If $P$ is a prime ideal containing $a$ then $\cap a^n$ is contained in $\cap P^n$, whose image in $A_P$ vanishes, so $\cap a^n$ has vanishing image in $A_P$ for every point $P$ of Spec($A/a$). Such $P$ exist as long as $a$ isn't the unit ideal, so if $A$ is an integral domain then $\cap a^n = 0$ in $A$ since $A \rightarrow A_P$ is injective in such cases.

In contrast, for $A = k[x,y]/(xy) = k[x] \times_k k[y]$ for a field $k$, and $$a = (x-1)A = (x-1)k[x] \times_k k[y],$$ we have $\cap a^n = yk[y] \ne 0$ and $\{a^n\}$ doesn't stabilize. Thus, the "domain" condition cannot be relaxed to mere connectedness of the spectrum (even assuming reducedness).

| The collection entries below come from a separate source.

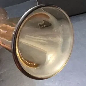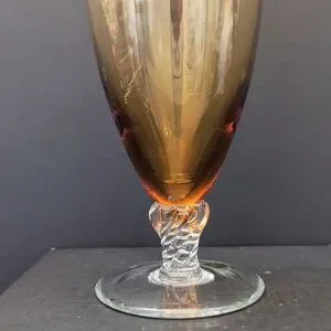 Vintage amber glass vase with twisted clear pedestal base.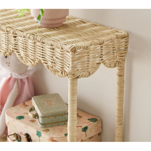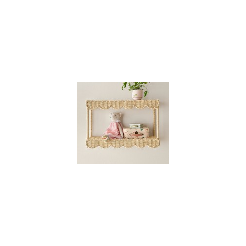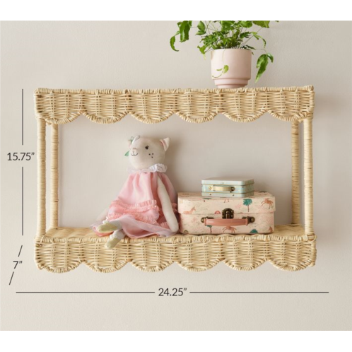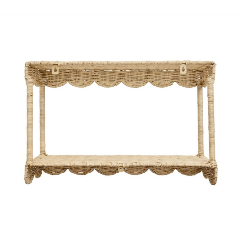 Give their favorite things a breezy display with our charming Palmer shelf. Woven from natural rattan and framed in iron for stability, it offers two scalloped tiers for showcasing books, photos, keepsakes and other treasures.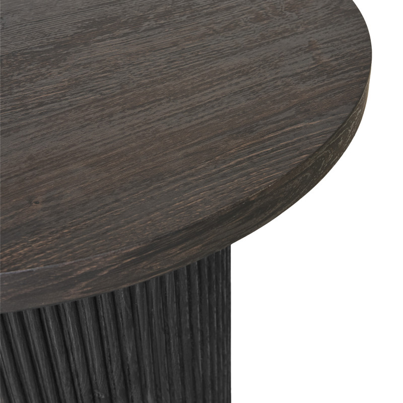 Elegancia circular. Esta mesa redonda marrón oscuro de 120 cm es perfecta para cuatro personas. Su sólida base central le confiere un diseño escultural y moderno. La combinación perfecta de materiales y líneas para una experiencia gastronómica sofisticada.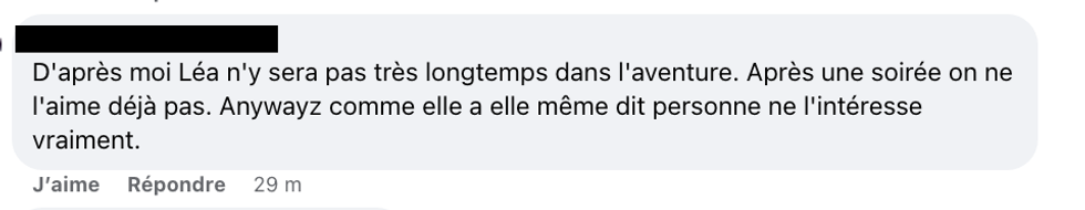 « D'après moi, Léa il ne sera pas très longtemps dans l'aventure. Après une soirée, on ne l'aime déjà pas. Anyways, comme elle a elle-même dit, personne ne l'intéresse vraiment. »
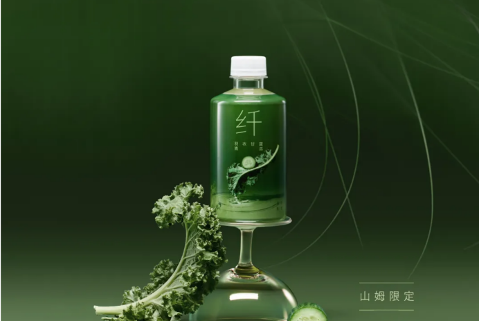 6月12日,喜茶推出山姆限定瓶装新品羽衣甘蓝青瓜。该新品的主要原料为羽衣甘蓝、青瓜,并以荷叶入茶,融合了绿妍茶底与抹茶。此外,饮品还额外添加了聚葡萄糖和柑橘纤维两种膳食纤维。一瓶的能量小于0.5牛油果的能量,主打纤体。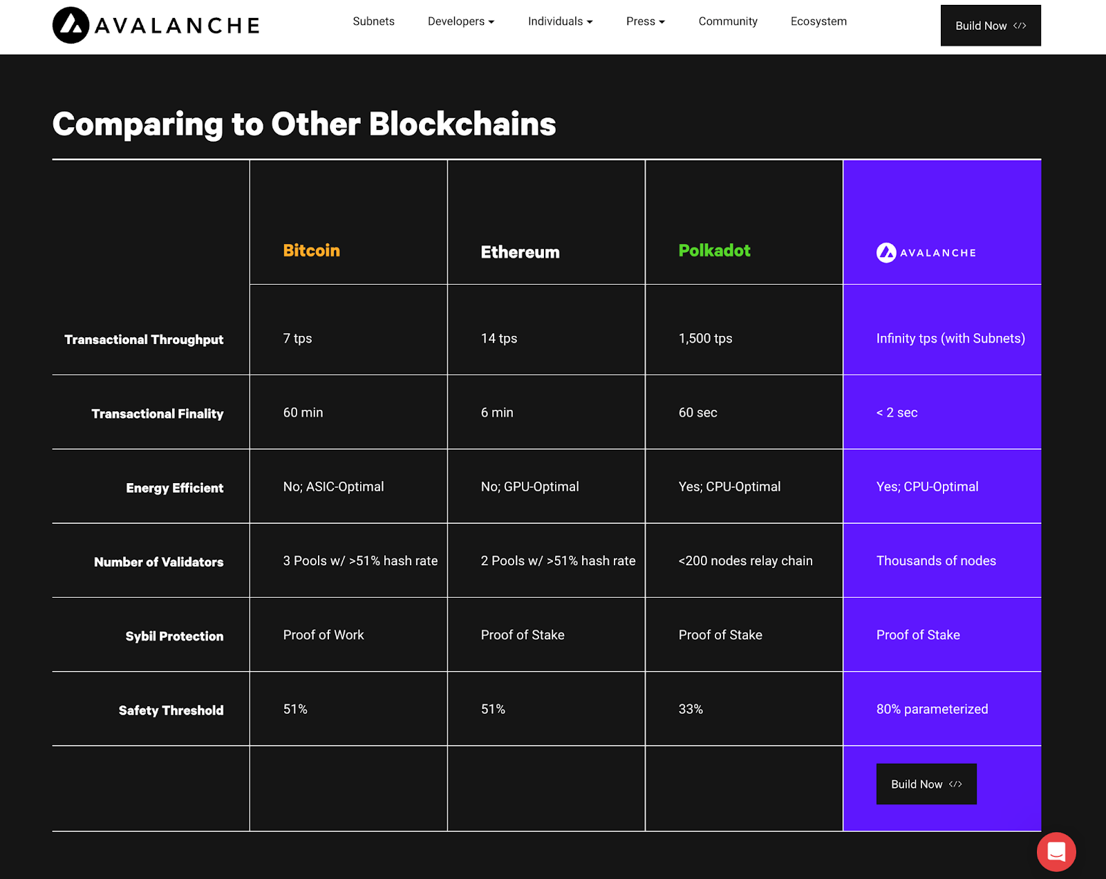 Avalanche의 경우 Transaction 소요 시간, 에너지 효율성, 증명방식 등 네트워크의 성능 지표를 전달합니다. 또한, 이를 Bitcoin, Ethereum, Polkadot과 같은 경쟁사의 지표와 비교해 제공하는데요. 이는 신규 사용자가 Avalanche 네트워크의 효율성을 쉽게 이해하고, 성능을 강조하는 사례로 볼 수 있습니다.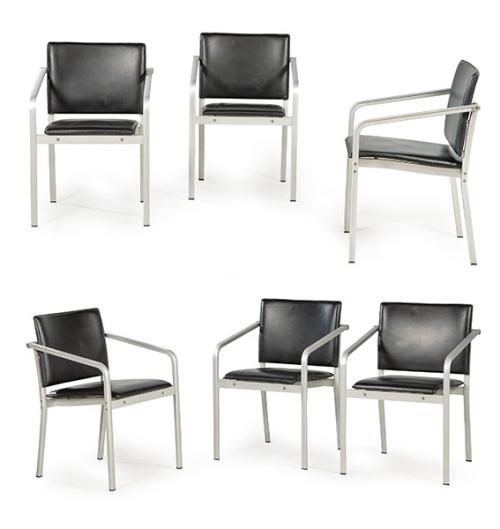 Seis sillas modelo A903PF, estructura de aluminio anodizado y piel teñida de negro. Apilable. Etiquetas de la marca.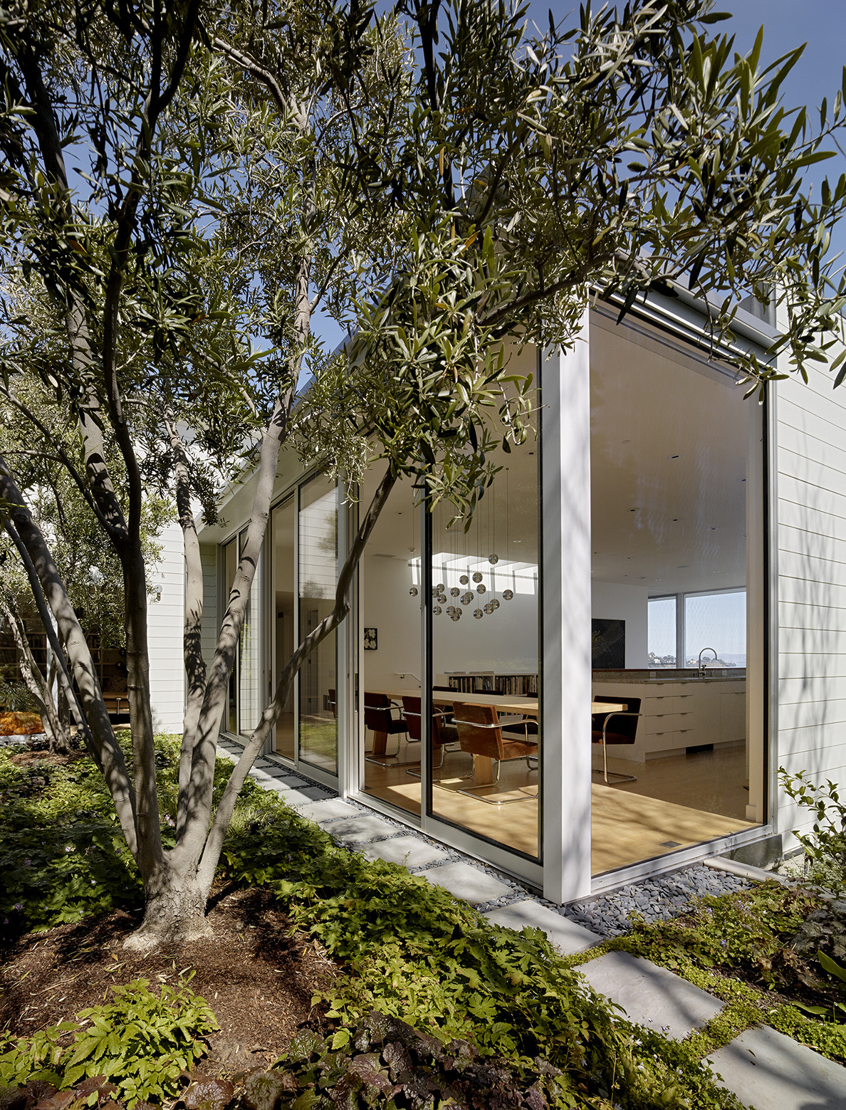 Inside, floor to ceiling windows and generous ceiling heights allow the living spaces to flow uninterrupted from the lush backdrop of the hillside garden, to the broad panorama of the bay. As a result, the soaring view is grounded by a strong connection to the land.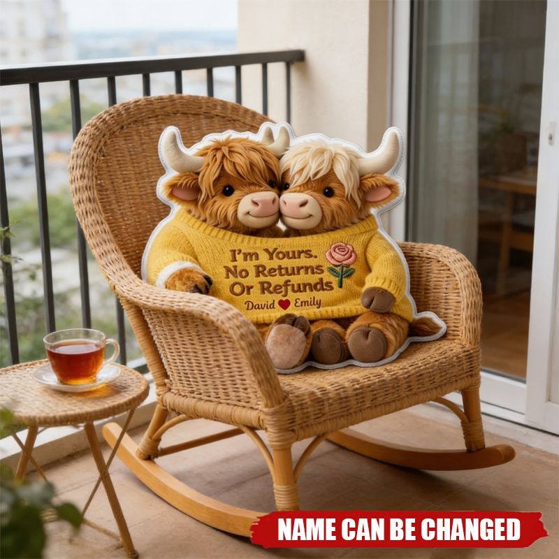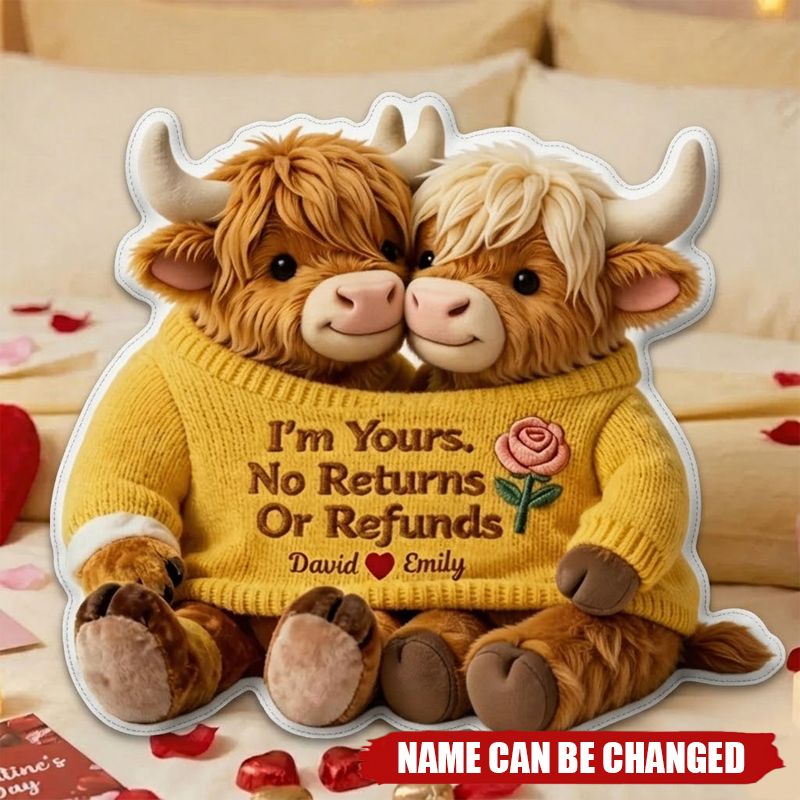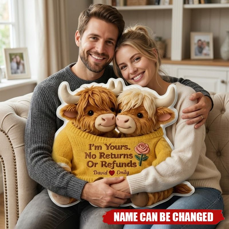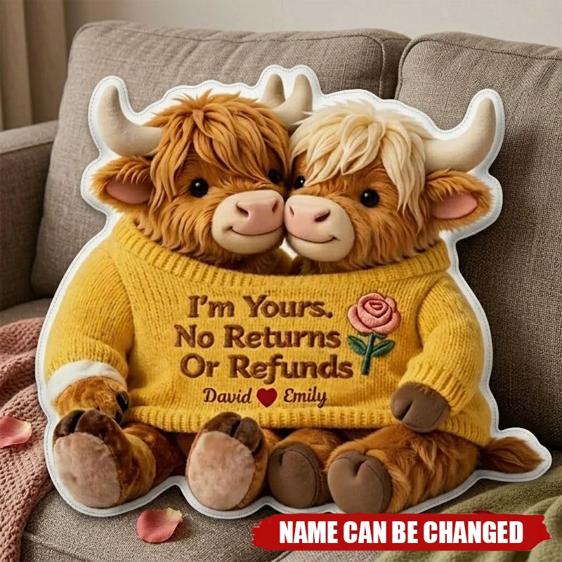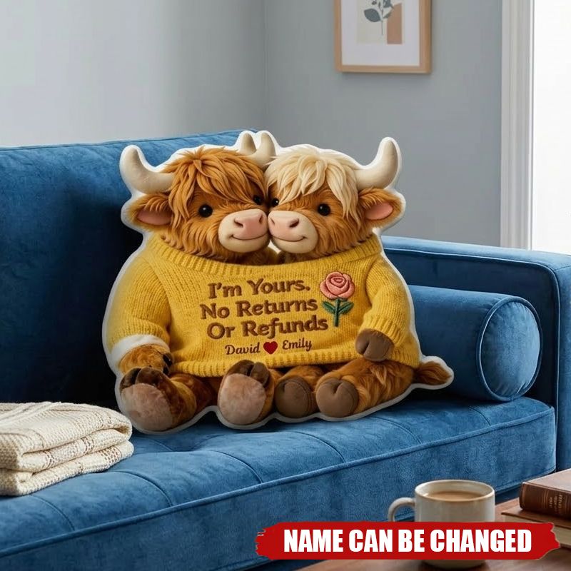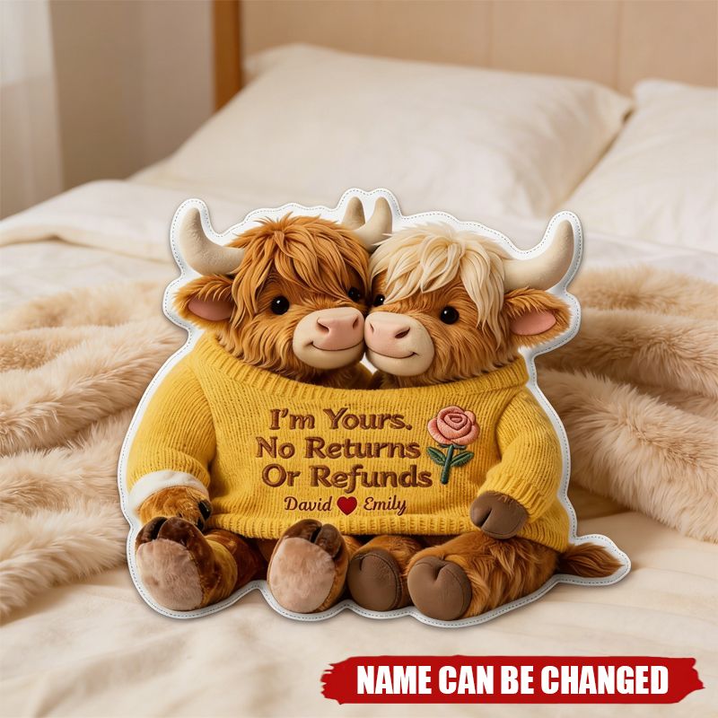 Personalised Highland Cow Couple Pillow – Custom Names, I'm Yours, No Returns or Refunds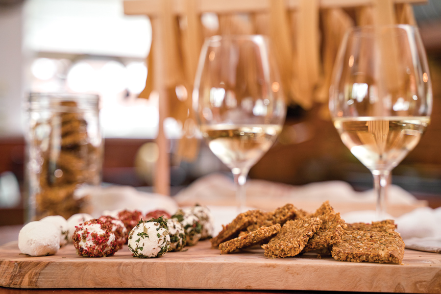 Homemade crackers—baked soft, chewy and gluten-free with whole wheat flour, almond meal, pumpkin seeds, sunflower seeds, onion, walnuts and tomato—served with three different types of macadamia nut “cheese”, rolled in herbs or crushed black pepper.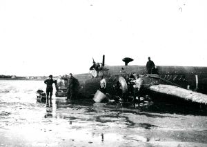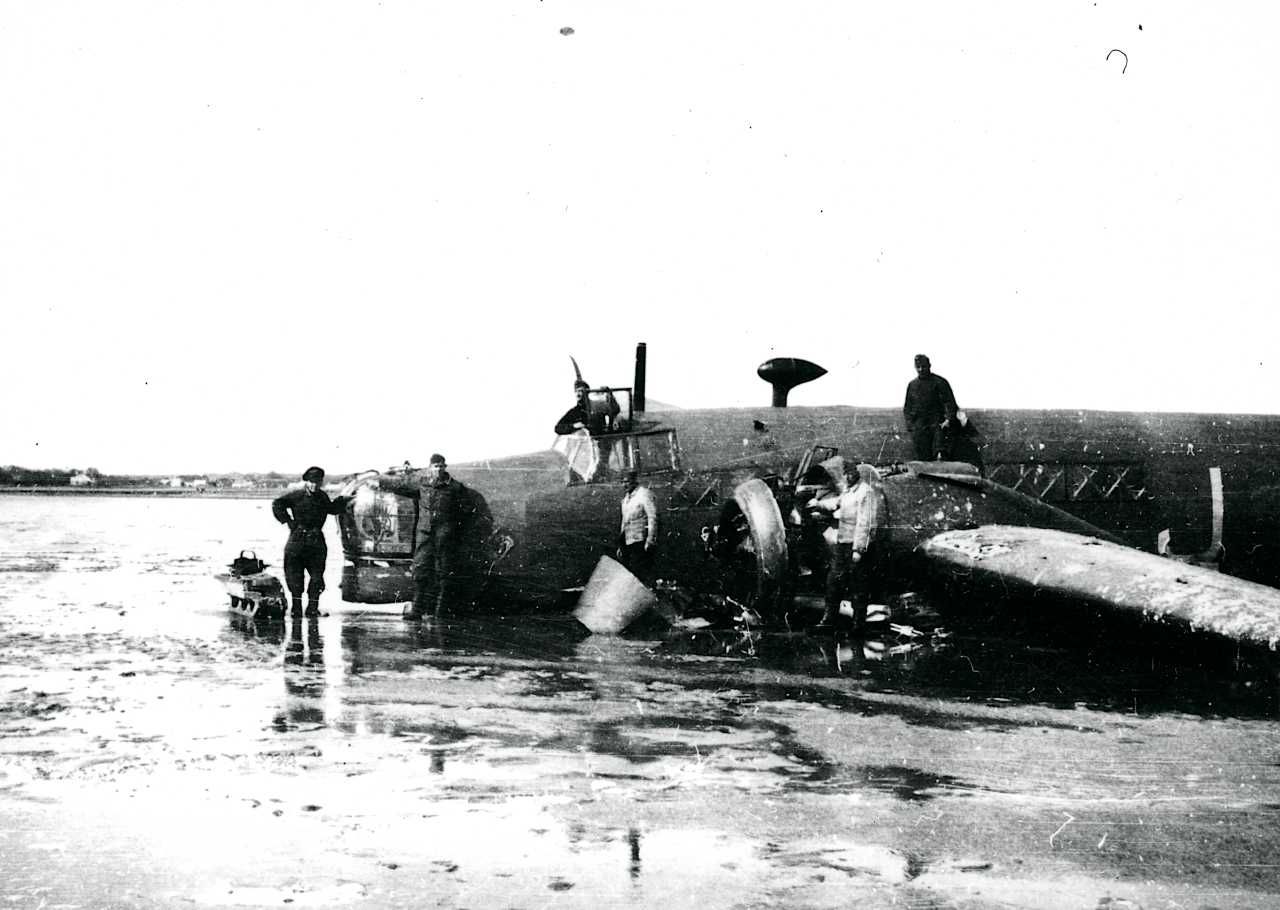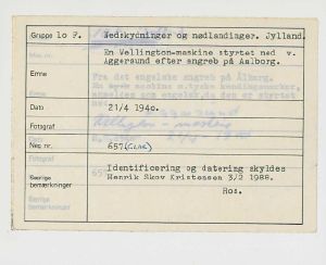 Maskingenkendt tekst fra fotokuvert: En Wellington-maskine styrtet ned v. Aggersund efter angreb på Aalborg.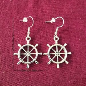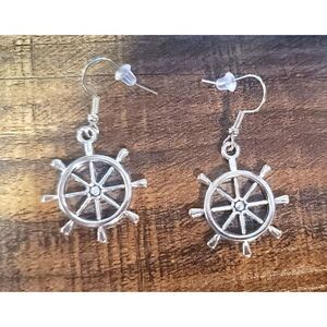 New Silver Ship Rudder Dangle Earrings .

[${\bf{Remark}}$: An earlier version of this answer had the following bogus "proof" that $\cap a^n = 0$ assuming that Spec($A$) is merely connected, and some of the comments refer to this bogus argument. So here it the incorrect proof of that incorrect generalization, with the mistake in the reasoning identified.

"Proof": Arguing as above, since $\cap a^n$ has vanishing image in the stalk $A_P$ at each point of Spec($A/a$), it vanishes over an open neighborhood $U$ of this closed set. On the other hand, the ideal sheaf $J = \cap (\widetilde{a})^n$ is the unit ideal on the open set $V$ of Spec($A$) complementary to the closed set Spec($A/a$). Since $\cap a^n$ is the ideal of global sections of $J$, if $J$ is quasi-coherent (equivalently, coherent) then $U$ and $V$ are disjoint open sets that cover the entire space, which would imply by connectedness that either $V$ is empty (in which case $\cap a^n = 0$ in $A$) or $U$ is empty (in which case $a$ is the unit ideal). "QED"

The error is that often the ideal sheaf $\cap (\widetilde{a})^n$ is not quasi-coherent (equivalently, isn't coherent), which is to say that it doesn't correspond to its ideal of global sections $\cap a^n$. This is an example of the fact that quasi-coherence can be destroyed by inverse limits, and more concretely inverse limits don't naturally commutes with tensor product or even just localization in general.

The failure of coherence for this ideal sheaf is seen rather concretely in the case $A = k[x,y]/(xy)$ with $a = (x-1)$ since the sheaf $\cap \widetilde{a}^n$ is the unit ideal sheaf away from the point $(1,0)$ whereas its ideal of global sections $\cap a^n = y k[y]$ is the ideal of the $x$-axis and so does not localize to the unit ideal at points $(c,0)$ with $c \ne 1$ (e.g., $c = 0$). This illustrates that the coherent ideal sheaf associated to $\cap a^n$ can be rather smaller than $\cap \widetilde{a}^n$.]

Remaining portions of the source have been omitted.